R is a programming language and software environment specifically designed for statistical computing and graphics. It’s the core tool that actually processes your data and performs analyses.
RStudio is an Integrated Development Environment (IDE) for R. Think of it as a user-friendly interface that makes it easier to write R code, manage projects, and visualize output. RStudio is not required to use R, but it significantly enhances the R programming experience!
Always install R before installing RStudio, as RStudio requires R to function.
Step 1: Install R
Choose your operating system (Windows, Mac, or Linux)
Download and install the latest version of R
Step 2: Install RStudio
Scroll down to “Download RStudio Desktop”
Click “Download” and install the latest version of RStudio
Step 3: Install the required packages
Packages in R are collections of additional tools, functions, and datasets that extend R’s capabilities. Packages are created by contributors in the R community.
Think of R as a smartphone, and packages as apps you download to add new features. Each package is designed to help with specific tasks or analyses, like creating graphs, analyzing particular types of data, or performing advanced statistical tests.
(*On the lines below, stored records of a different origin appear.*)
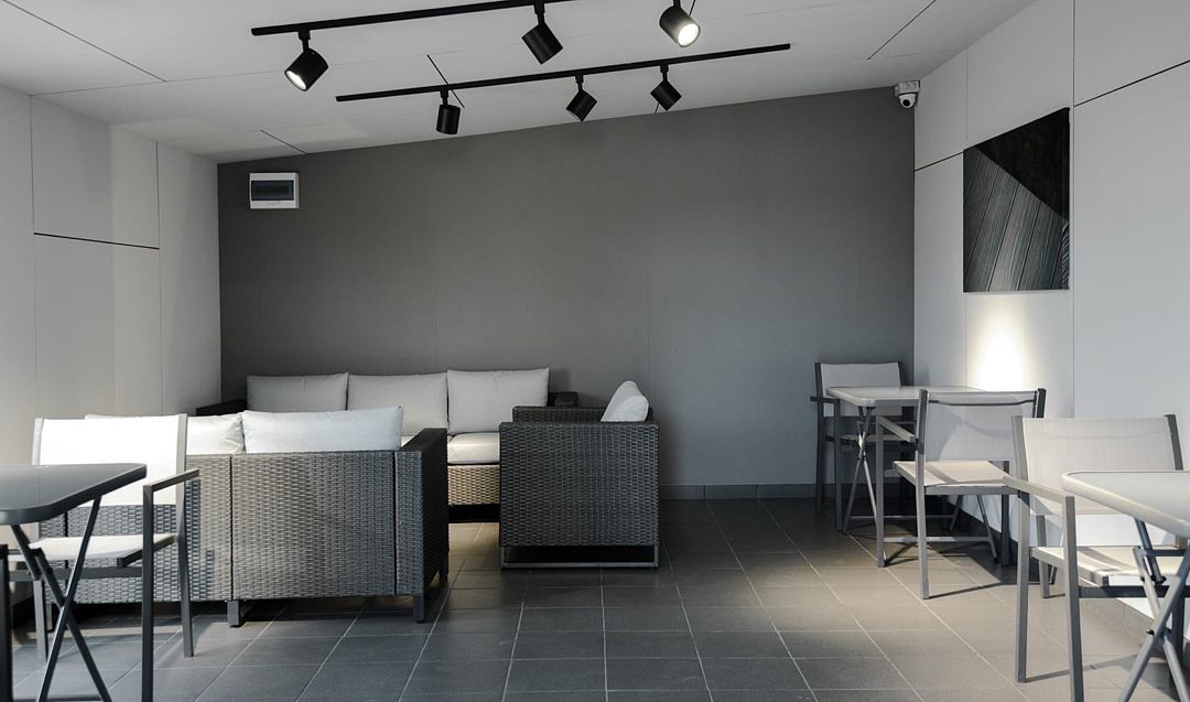 Комфортная раздевалка с индивидуальными шкафчиками и общая комната отдыха рассчитаны на единовременное пребывание не более 14 гостей, что позволяет нам поддерживать атмосферу приватного отдыха в дали от городской суеты.
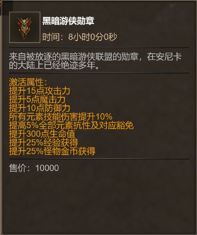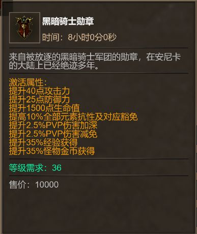 45级物品:45级本职业稀有副手武器 黑暗骑士勋章
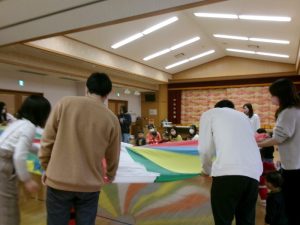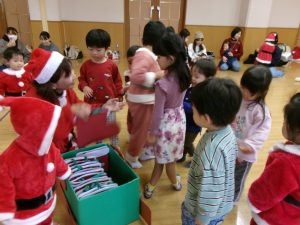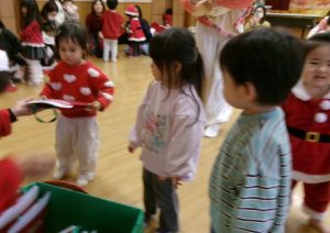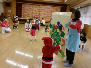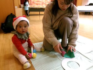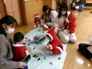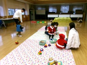 本日もご参加ありがとうございました。今月は、いろいろな会場でみんなでクリスマスシーズンを楽しみました(^_-)-☆本日で今年の広場や育児講座は終わりですが、道後保育園のセンタールームは明日まで開放しています。来園前に直通電話(089ー932-6411)までお電話をお願いいたします。新年は1月5日(月)からになります。楽しい活動を計画して、皆様のお越しをお待ちしています。
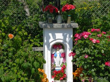 kapliczka przydrożna - pięknie ukwiecona.  (Karlików)
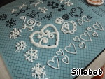 Это небольшое дополнение к рецепту, как при помощи айсинга украсить привычные вещи, идея, конечно, не новая, но вдруг кому пригодится. Рецепт айсинга не пишу, так как на сайте есть. Готовую смесь выкладываем в корнетик или в п/э пакет, в пакете, соответственно, делаем маленькое отверстие. Рисуем любой понравившейся узор, у меня на коврике для выпечки были такие варианты. Даем основательно высохнуть. И украшаем!
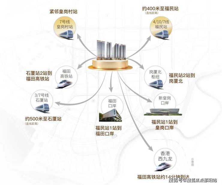 ·1站双口岸 ·2站福田高铁站 ·2站岗厦北枢纽 ·双地铁口 四地铁线

Packages can save us time and leverage expert-created tools without having to write complex code from scratch. It’s very handy!
Open RStudio
Copy the following code:
install.packages(c( "car", "rmarkdown", "huxtable", "gt", "gtsummary", "tidyverse"))
Paste it in the Console tab (see image below)
Press Enter. Rstudio should proceed with installing the packages that we need.
Dataset
chile_voting
For this workshop, we will be using dataset stored in a CSV file called chile_voting.csv
.
A CSV (Comma-Separated Values) file is a type of file that stores data in a plain text format. Each line in the file represents a row of data, and within each row, individual pieces of data (like numbers or words) are separated by commas.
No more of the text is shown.